Giancana's mistress Judith Exner and Frank Sinatra's daughter Tina Sinatra both stated that Giancana used his connections to persuade unions to support Kennedy. According to Exner, Giancana bragged to her that Kennedy would never have been elected without him. However, it is alleged that Giancana came to regret aiding Kennedy get elected due to the fact that attorney general Robert F. Kennedy made significant efforts to crack down on organized crime. Frank Ragano, lawyer for Florida mob boss Santo Trafficante Jr., stated that Giancana complained to his client that "We broke our balls for him and gave him the election, and he gets his brother to hound us to death".

=== CIA connections ===
It was publicly reported during the course of the Church Committee hearings that during the Kennedy administration, the CIA recruited Giancana and other mobsters to assassinate Fidel Castro. Giancana reportedly said that the CIA and Cosa Nostra were "different sides of the same coin".
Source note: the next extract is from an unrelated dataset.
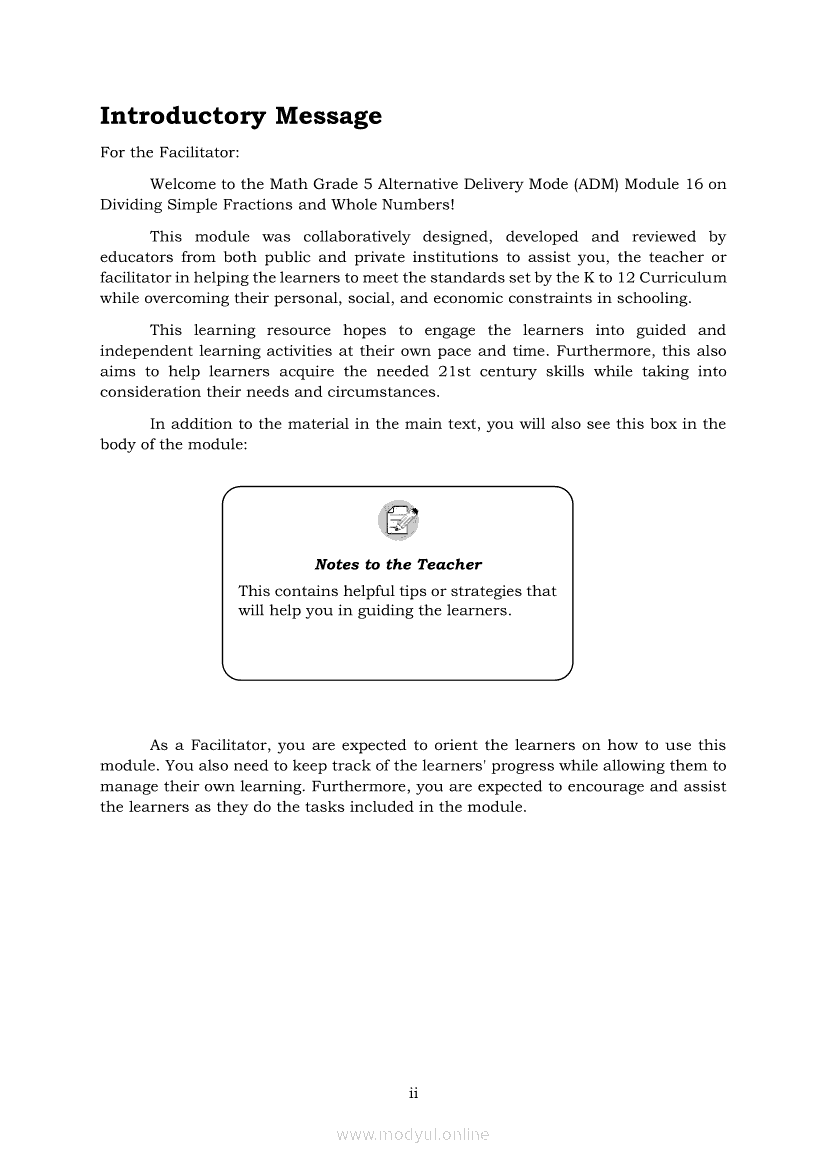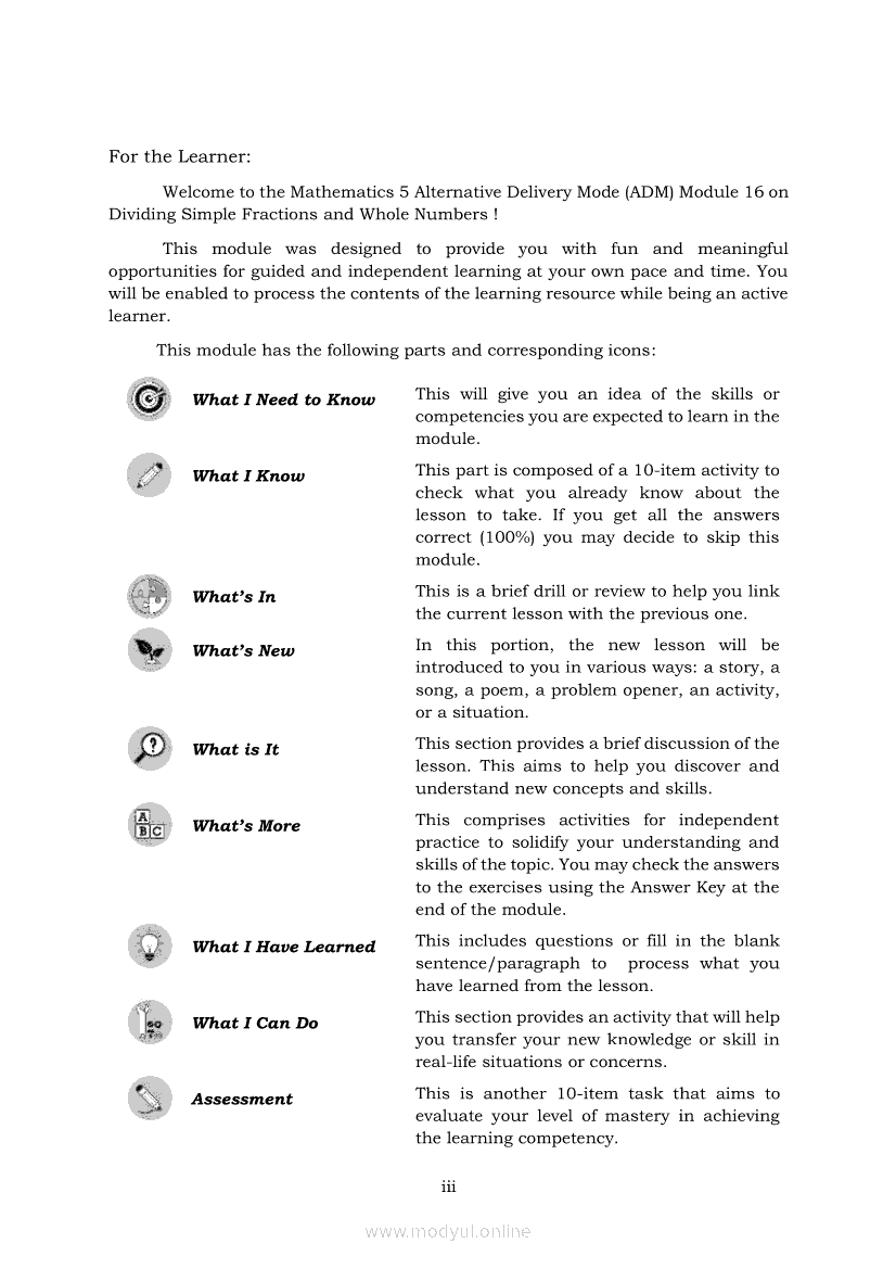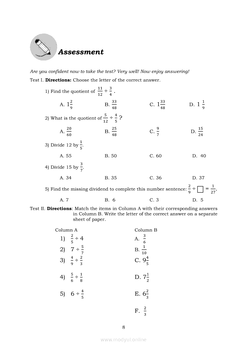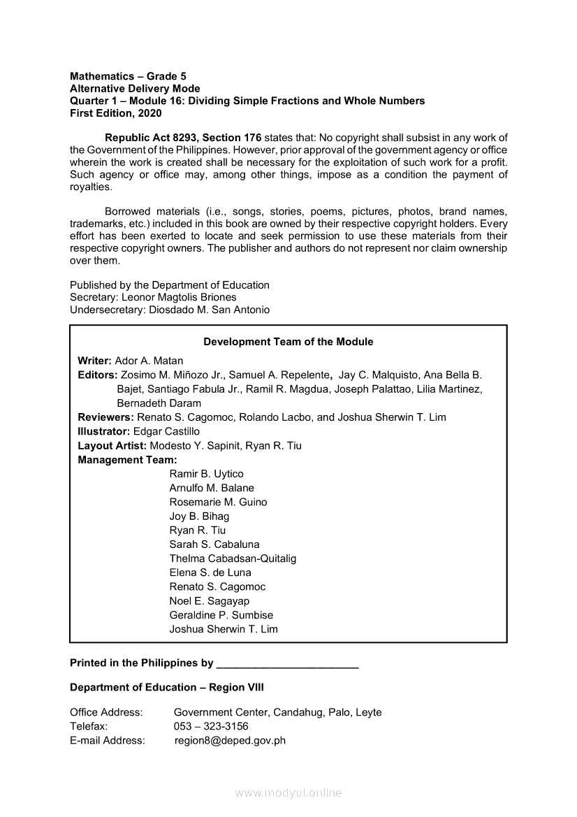 Math 5 Module 16: Dividing Simple Fractions and Whole NumbersApr 22, 2021 Grade 5Kiumo M901 Tablet for Kids — comprehensive protection in learning, safety, and entertainment for as low as **₱2,399!. Math 5RelatedMATHEMATICS Quarter 4 - Module 7 Describing, Performing and Recording Result of an Experimental ProbabilityMATHEMATICS Quarter 4 – Module 8 Analyzing and Solving Routine and Non-Routine Problems Involving Experimental ProbabilityMATHEMATICS Quarter 4: Module 1 Finding and Solving Routine and Non-Routine Problems Involving Area of a Given CircleMATHEMATICS Quarter 4: Module 3 Finding and Solving Problems Involving Volume of a Cube and Rectangular PrismMATHEMATICS Quarter 4: Module 2 Visualizing Volume of a Cube and Rectangular Prism

Judith Exner claimed to be the mistress of both Giancana and JFK, and that she delivered communications between them about Castro. Giancana's daughter Antoinette has stated that her father was performing a scam to pocket millions of CIA dollars.

Documents released in 1997 revealed that some Mafiosi worked with the CIA on assassination attempts against Castro. CIA documents released in 2007 confirmed that in September 1960, the CIA recruited ex-FBI agent Robert Maheu to meet with the West Coast representative of the Chicago mob, Johnny Roselli. When Maheu contacted Roselli, Maheu hid that he was sent by the CIA, instead portraying himself as an advocate for international corporations. He offered $150,000 to have Castro killed, but Roselli refused any pay. Roselli introduced Maheu to two men he called Sam Gold and Joe. "Sam Gold" was Giancana; "Joe" was Santo Trafficante Jr., the Tampa syndicate boss and one of the most powerful mobsters in prerevolution Cuba. Glenn Kessler of The Washington Post explained: "After Fidel Castro led a revolution that toppled the government of Fulgencio Batista in 1959, CIA was desperate to eliminate Castro. So, the agency sought out a partner equally worried about Castro—the Mafia, which had lucrative investments in Cuban casinos." Giancana detested Castro, according to his daughter, Antoinette, when she once expressed admiration for Castro her father erupted in anger, calling him a "syphilitic bastard" and asking "do you have any idea what he's done to me... to our friends?"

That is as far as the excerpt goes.